Please retype the records below exactly, from the first line through the line containing "HAPPY HAWK: Whorouly", and leave out any pictures.

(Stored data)
^^^^^^^^
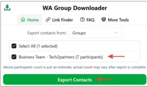 The WhatsApp Contacts Extractor tool is designed to export group contacts quickly and in simple steps.
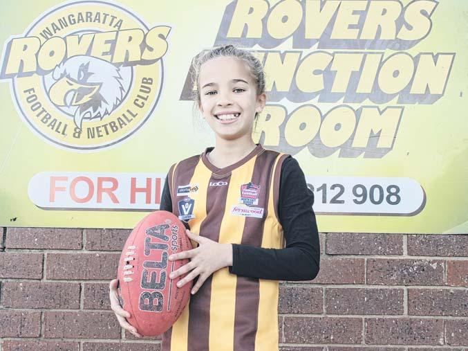 HAPPY HAWK: Whorouly Auskicker and Wangaratta Rovers U12 footballer Phoebe Cresswell is the NAB AFL Auskicker of the week. PHOTO: Shane Douthie
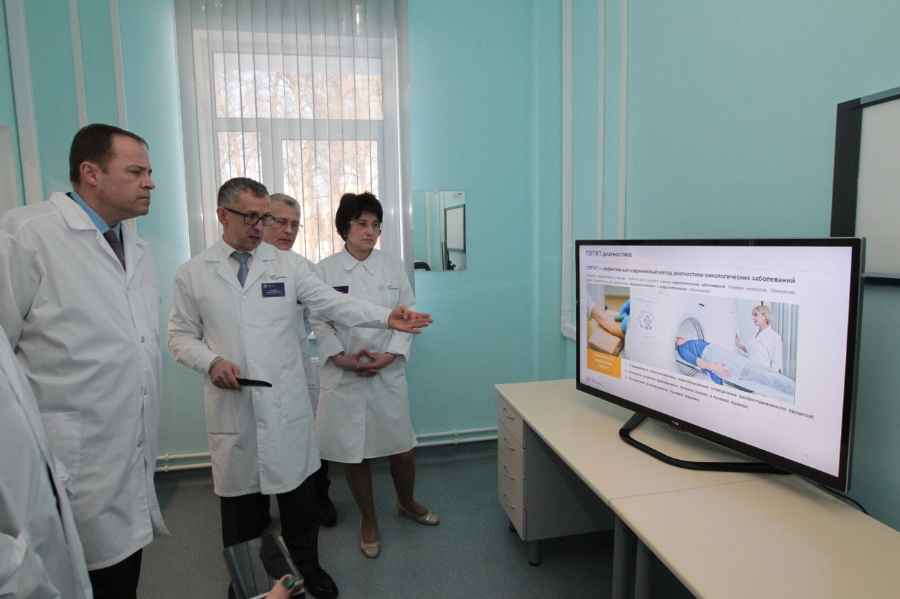 The Plenipotentiary Envoy of the President of Russia to the Volga Federal District Igor Komarov during his working trip, accompanied by the chief of staff of the head of Bashkiria, Alexander Sidyakin, and the chief federal inspector, Mikhail Zakomaldin, visited the Ufa PET Technology Nuclear Medical Center. The medical director of the center Pavel Golovin told the guests that the hospital was opened in May 2014. The volume of investments amounted to about 1 billion rubles. The main activity is cancer diagnosing using the PET method and treatment of tumors by the Cyber-Knife radio-surgical system.
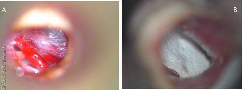 B – Stanje po reponiranju strganih robov bobniča in kritja s silastikom.
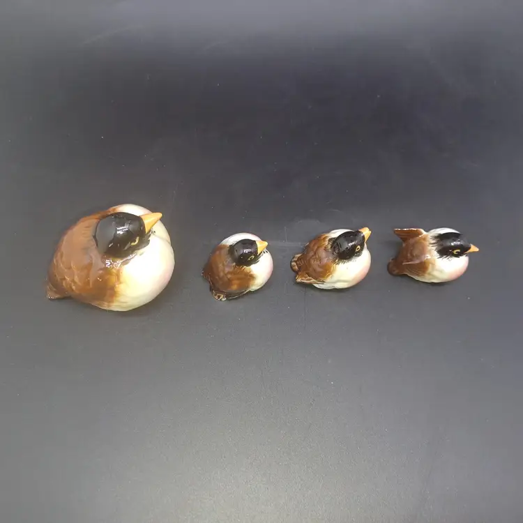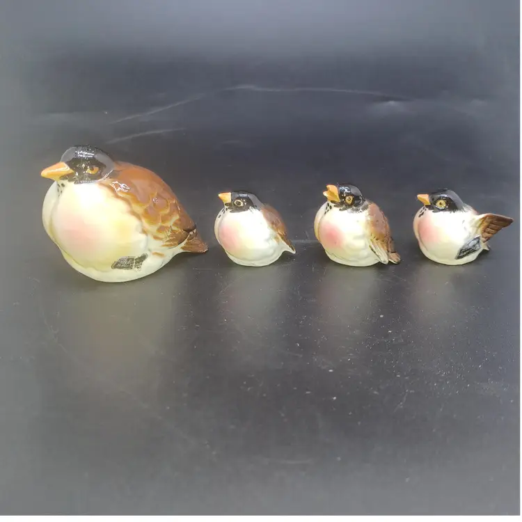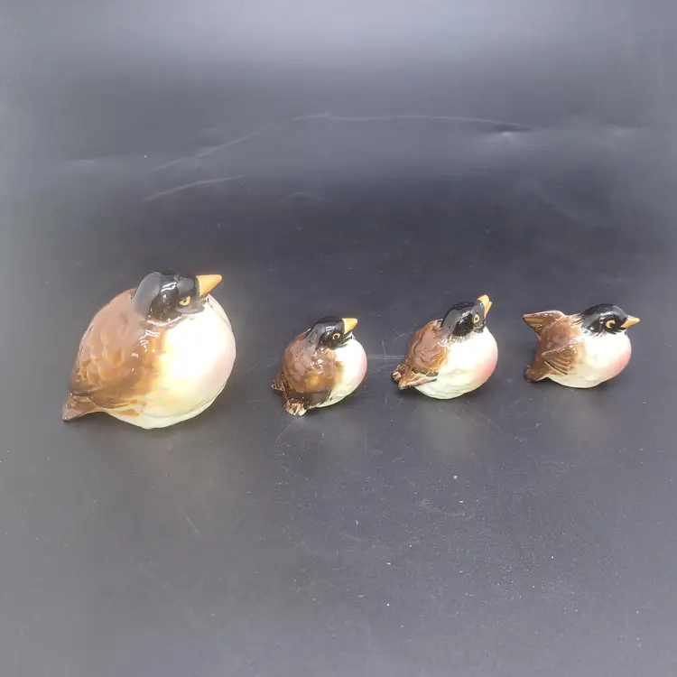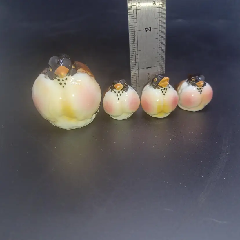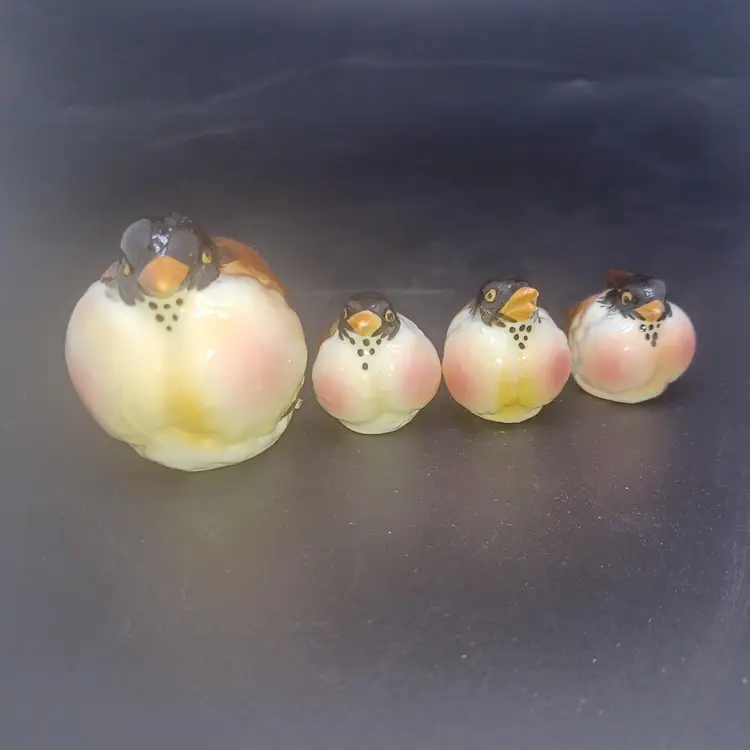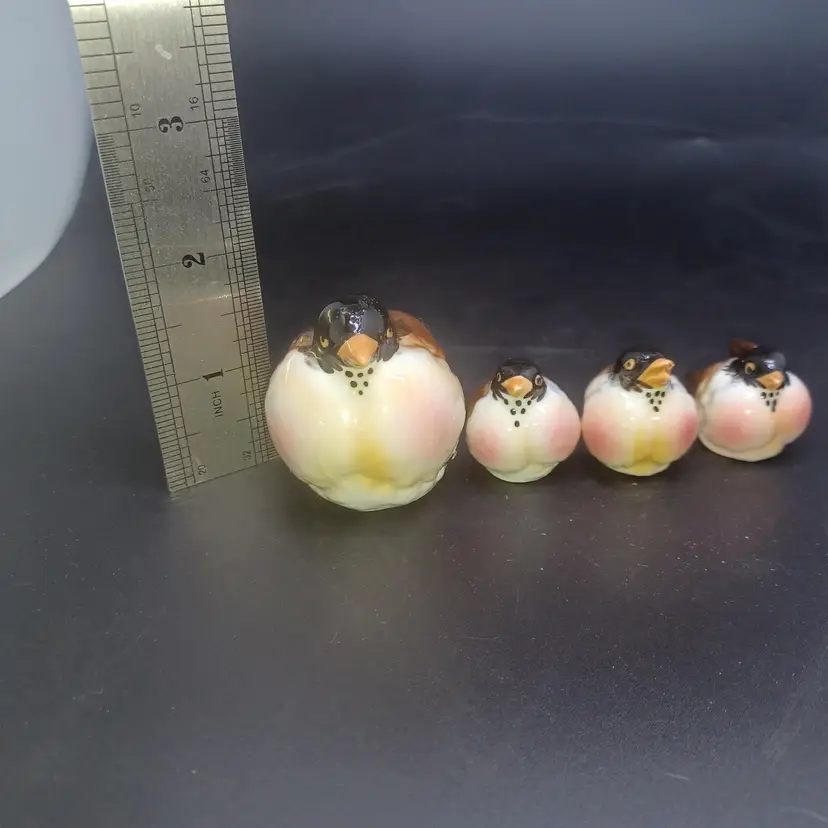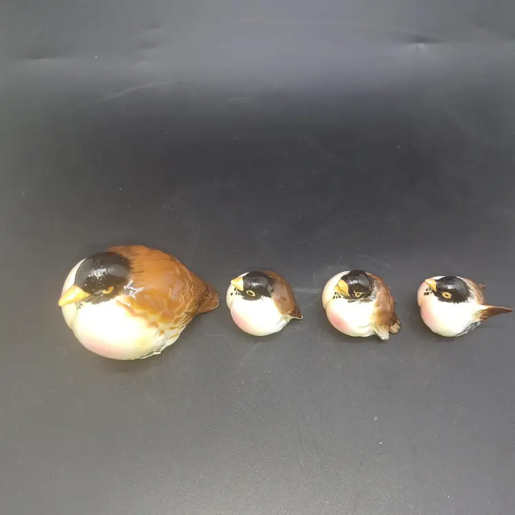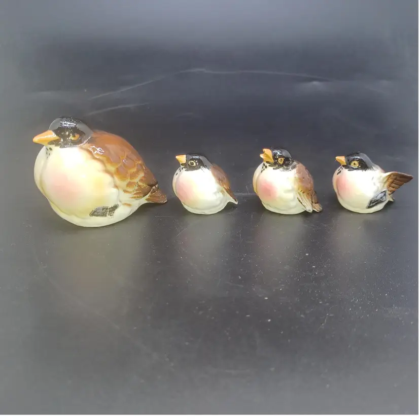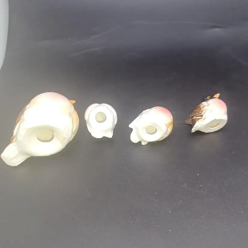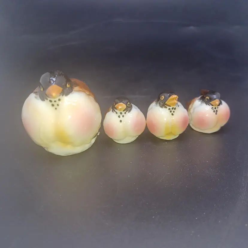 Set of 4 Vintage Kelvin Bone China Robin Birds Miniature Figurines Japan Largest measures approximately 2 in small birds measure approximately 1 in good vintage condition with no chips or cracks a few of the Tails do have a rough Edge but nothing to deters from display or use Two of them have original black and gold foil stickers Kelvin Bone China Japan please see all pictures as they're the best description
^^^^^^^^
* _Output for this task_:
 The WhatsApp Contacts Extractor tool is designed to export group contacts quickly and in simple steps.
 HAPPY HAWK: Whorouly Auskicker and Wangaratta Rovers U12 footballer Phoebe Cresswell is the NAB AFL Auskicker of the week. PHOTO: Shane Douthie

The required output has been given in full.